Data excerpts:
BEGIN

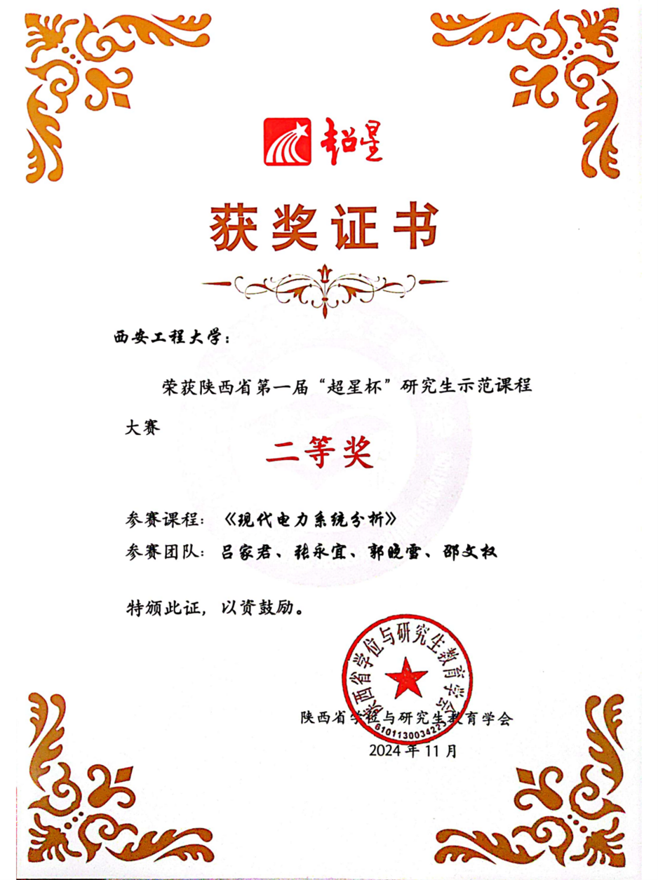 我院吕家君老师团队的现代电力系统分析课程,在陕西省第一届“超星杯”研究生示范课程大赛上荣获二等奖,AC米兰中文荣获大赛优秀组织奖。
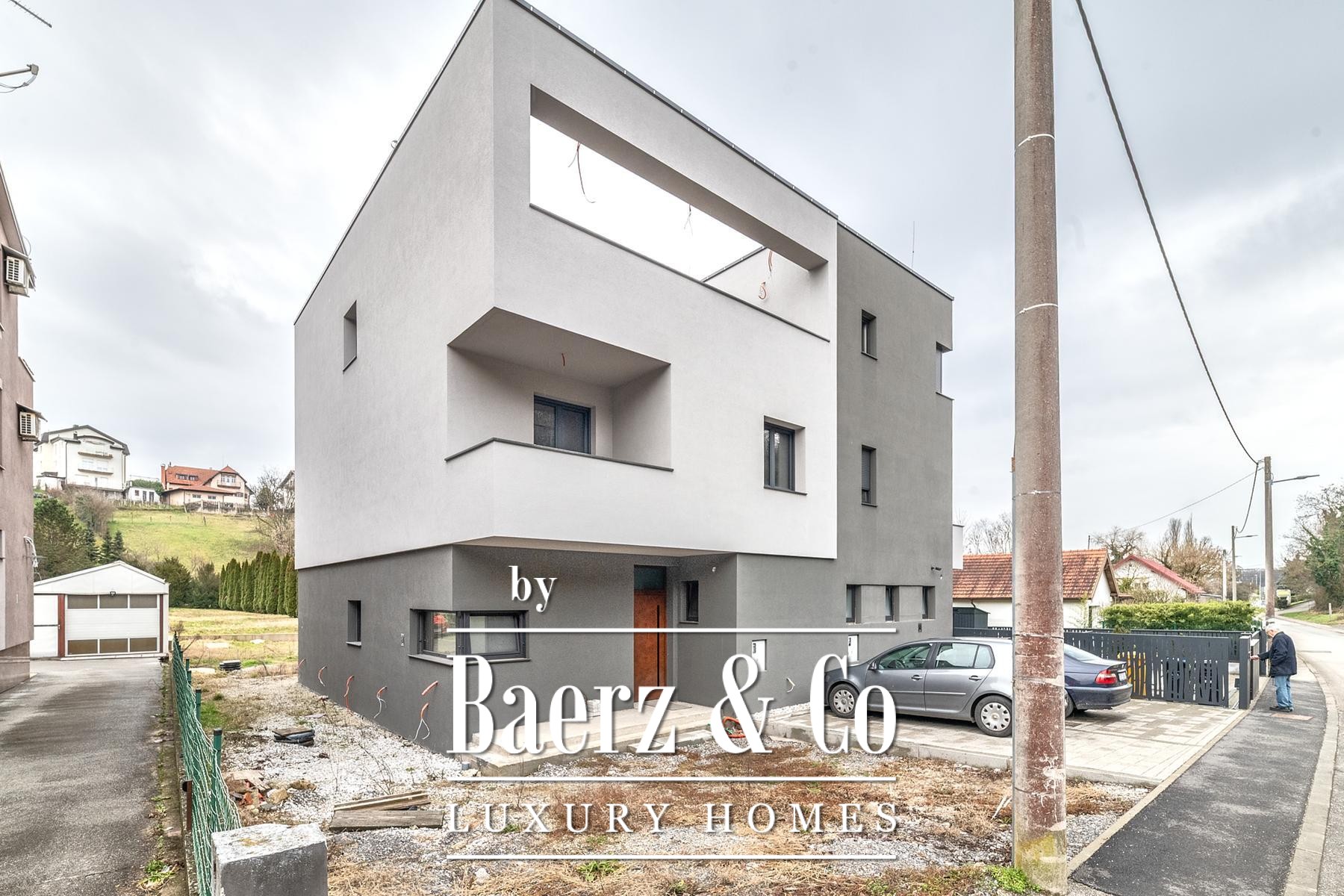 Schüco PVC joinery further enhances insulation and quietude. Set on a 300 m² plot, the property balances peace and community, with good access to central Zagreb and the essential amenities nearby. This luxury semi-detached house for sale in Maksimir offers a combination of privacy and proximity, underscored by discreet garden spaces and an understated architectural solidity.
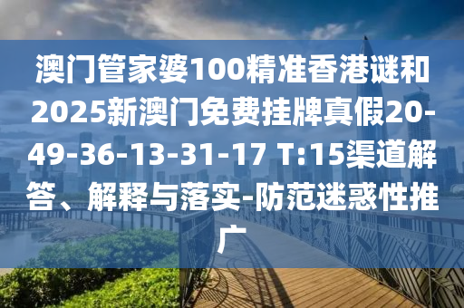 澳門管家婆100精準香港謎和2025新澳門免費掛牌真假20-49-36-13-31-17 T:15:渠道解答、解釋與落實
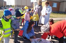 Проблема безопасности дорожного движения на данный момент является одной из достаточно важных проблем. В Татарстане увеличилось число дорожно-транспортных происшествий, которые происходят, к сожелению, с участием детей. Для того чтобы, привлеч внимание родителей и водителей к проблеме аварийности на дорогах нашего города и безопасносности юных участников движения, 21 сентября воспитанники группы "Светлячок" и "Звездочка" совместно с родителями и начальником отделения профилактики ГБД "БДД" в Лениногорском районе территориального управления в г. Альметьевске З.М. Рахмановой провели акцию "Пешеходный переход". Воспитанники, совместно с родителями, с помощью трафорета нанесли надпись на асфальте перед пешеходным переходом "Возьми ребенка за руку" . Подобная акция вызвала положительную реакцию, как у самих водителей, так и у проходивших мимо пешеходов.
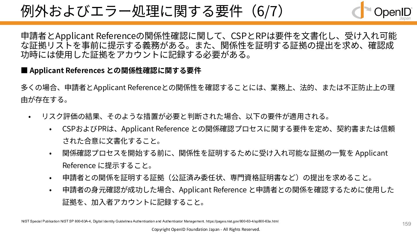 References の利⽤に関する要件 • Applicant Reference の利⽤を認める場合、CSPおよびそのサービスを利⽤するRPは、Applicant Reference に関する許容されるすべての利 ⽤⽅法を、契約書または信頼された合意⽂書に⽂書化すること。 • Applicant Reference は、以下を⾏ってよい。 • 証拠および属性Validationの⼀環として、申請者が主張する1つまたは複数のコア属性について保証すること。 • ⼗分な⾝元確認証拠が存在しない場合に、申請者の⾝元を保証すること。 • ⾝元確認プロセスに関連する特定の状況または状態(ホームレス状態、災害被災状況など)について保証すること。 *これらの情報は、⾝元確認イベントに関連するリスク判断を⽀援することを⽬的としている。Applicant Reference の陳述を、資格や給付の適格 性を確⽴する⽬的で使⽤することは、本ガイドラインの範囲外である。 • すべての場合において、Applicant Reference がプロセス内で果たした役割の記録を作成し、適⽤される法令‧規制要件を満たすのに⼗分な 形でその⾏為を⽂書化すること。 • Applicant Reference として参加することによって⽣じ得る法的および責任上の影響について、明確かつ理解しやすい情報をApplicant Reference に提供すること。 例外およびエラー処理に関する要件(5/7) Applicant Reference の利⽤において利⽤可能なユースケース等を契約等に⽂書化し、その役割と ⾏動を記録する義務がある。また、Applicant Reference に対し、参加に伴う法的責任や影響につ いて明確な情報を提供することも義務付けられる。 158 NIST Special Publication NIST SP 800-63A-4, Digital Identity Guidelines Authentication and Authenticator Management. https://pages.nist.gov/800-63-4/sp800-63a.html

END

Your task
Please set down only the lines from the first line of the records above through the line that has "Schüco PVC joinery", exactly, and not the pictures.

Reply to the task
 我院吕家君老师团队的现代电力系统分析课程,在陕西省第一届“超星杯”研究生示范课程大赛上荣获二等奖,AC米兰中文荣获大赛优秀组织奖。
 Schüco PVC joinery further enhances insulation and quietude. Set on a 300 m² plot, the property balances peace and community, with good access to central Zagreb and the essential amenities nearby. This luxury semi-detached house for sale in Maksimir offers a combination of privacy and proximity, underscored by discreet garden spaces and an understated architectural solidity.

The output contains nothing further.